REQUIRED WORK:
The lines to transcribe run from the top of the material below to the line with "金色八月,熱情似火,有朋自遠", inclusive. Leave the pictures behind.

GIVEN DATA:
==*==
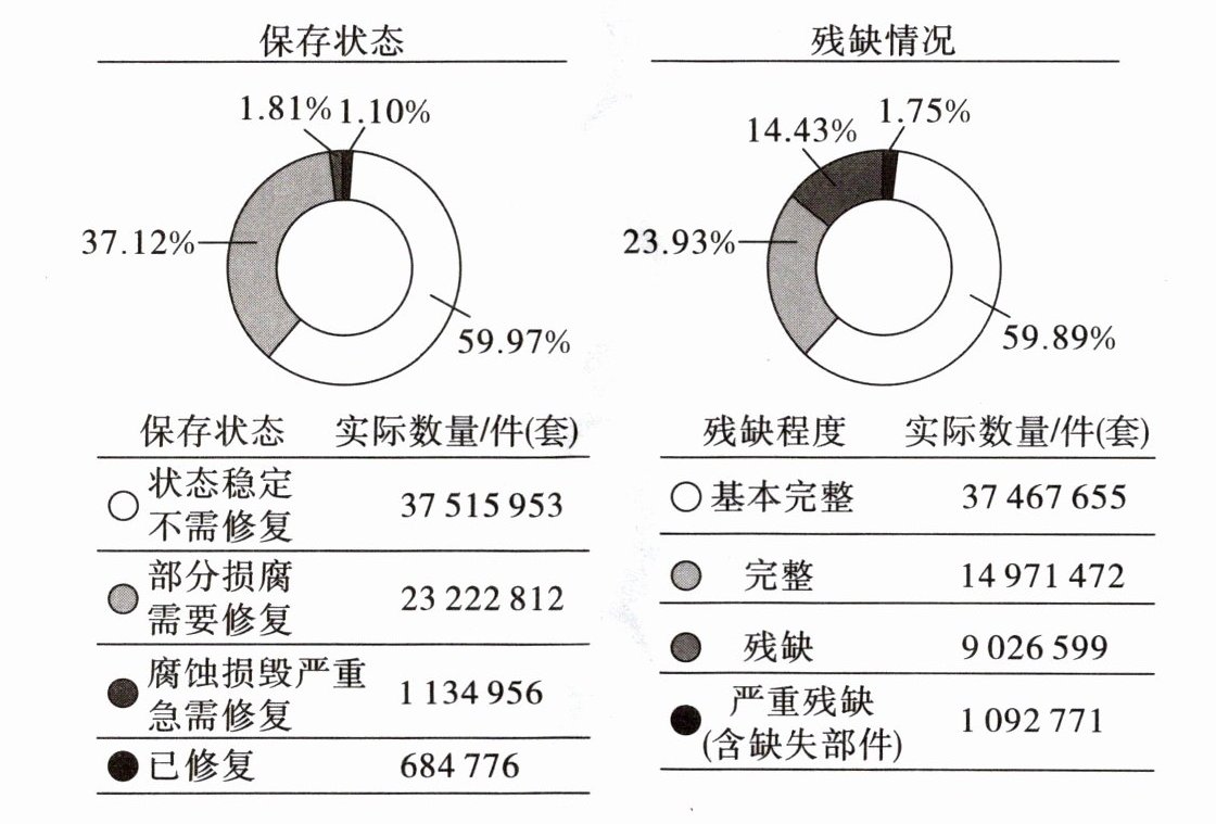 示例:我国有超过一半的可移动文物保存基本完整,状态稳定,不需要修复,但在保存过程中仍有部分文物因为各种原因需要修复,还有小部分文物处于残缺状态。
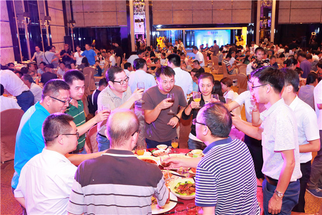 金色八月,熱情似火,有朋自遠(yuǎn)方來(lái),逢盛事喜相聚。為了對(duì)即將召開(kāi)的第十屆中國(guó)(中山)國(guó)際游戲游藝博覽交易會(huì)表示熱烈的祝賀,以及對(duì)多年來(lái)一直關(guān)心、支持金馬健康發(fā)展的合作伙伴和嘉賓表示誠(chéng)摯的歡迎和衷心的感謝,8月10日晚,乘著行業(yè)盛會(huì)的東風(fēng),公司在中山喜來(lái)登酒店舉行了盛大的客戶招待晚宴。國(guó)內(nèi)外新來(lái)客商、嘉賓、媒體記者200余人應(yīng)邀出席,與公司管理層及員工代表們共同感受了一場(chǎng)精彩紛呈的盛宴,度過(guò)了一個(gè)充滿歡樂(lè)與活力的難忘之夜。
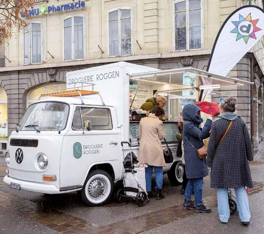 für den Start investiert. Motor, Bremsen – alles am VW-Bus wurde neu gemacht. Jetzt bräuchte es nochmals eine Investition von 20 000 bis 30 000 Franken für eine Kühlanlage. «Eigentlich hiess es, es sei ganz einfach. Stellt sich heraus, dass ‹ganz einfach› bedeutet, dass wir alles nach Mass anfertigen lassen müssten.» Darum werde er nun auf den Sommer hin einen neuen Bus kaufen. Den alten behält er noch ein Weilchen für Marketingzwecke, «bevor er später vielleicht bei einem anderen Drogisten in einem anderen Kanton ein zweites Leben findet», sagt Roggen. Der Oldtimer sei zwar sehr hübsch, aber auch nicht sehr praktisch. Um in den Bus zu gelangen, muss man sich bei einer Schwelle kurz ducken, es ist eng und die Haltung, in der man die Kundschaft berät, ist nicht sehr angenehm. Hinzu kommt, dass man die Produkte, die man hervornimmt, direkt wieder an denselben Ort versorgen muss. Jeder Zentimeter wird genutzt. «C’est un peu de bricolage», sagt er lachend.
==*==
ANSWER SPACE:
 示例:我国有超过一半的可移动文物保存基本完整,状态稳定,不需要修复,但在保存过程中仍有部分文物因为各种原因需要修复,还有小部分文物处于残缺状态。
 金色八月,熱情似火,有朋自遠(yuǎn)方來(lái),逢盛事喜相聚。為了對(duì)即將召開(kāi)的第十屆中國(guó)(中山)國(guó)際游戲游藝博覽交易會(huì)表示熱烈的祝賀,以及對(duì)多年來(lái)一直關(guān)心、支持金馬健康發(fā)展的合作伙伴和嘉賓表示誠(chéng)摯的歡迎和衷心的感謝,8月10日晚,乘著行業(yè)盛會(huì)的東風(fēng),公司在中山喜來(lái)登酒店舉行了盛大的客戶招待晚宴。國(guó)內(nèi)外新來(lái)客商、嘉賓、媒體記者200余人應(yīng)邀出席,與公司管理層及員工代表們共同感受了一場(chǎng)精彩紛呈的盛宴,度過(guò)了一個(gè)充滿歡樂(lè)與活力的難忘之夜。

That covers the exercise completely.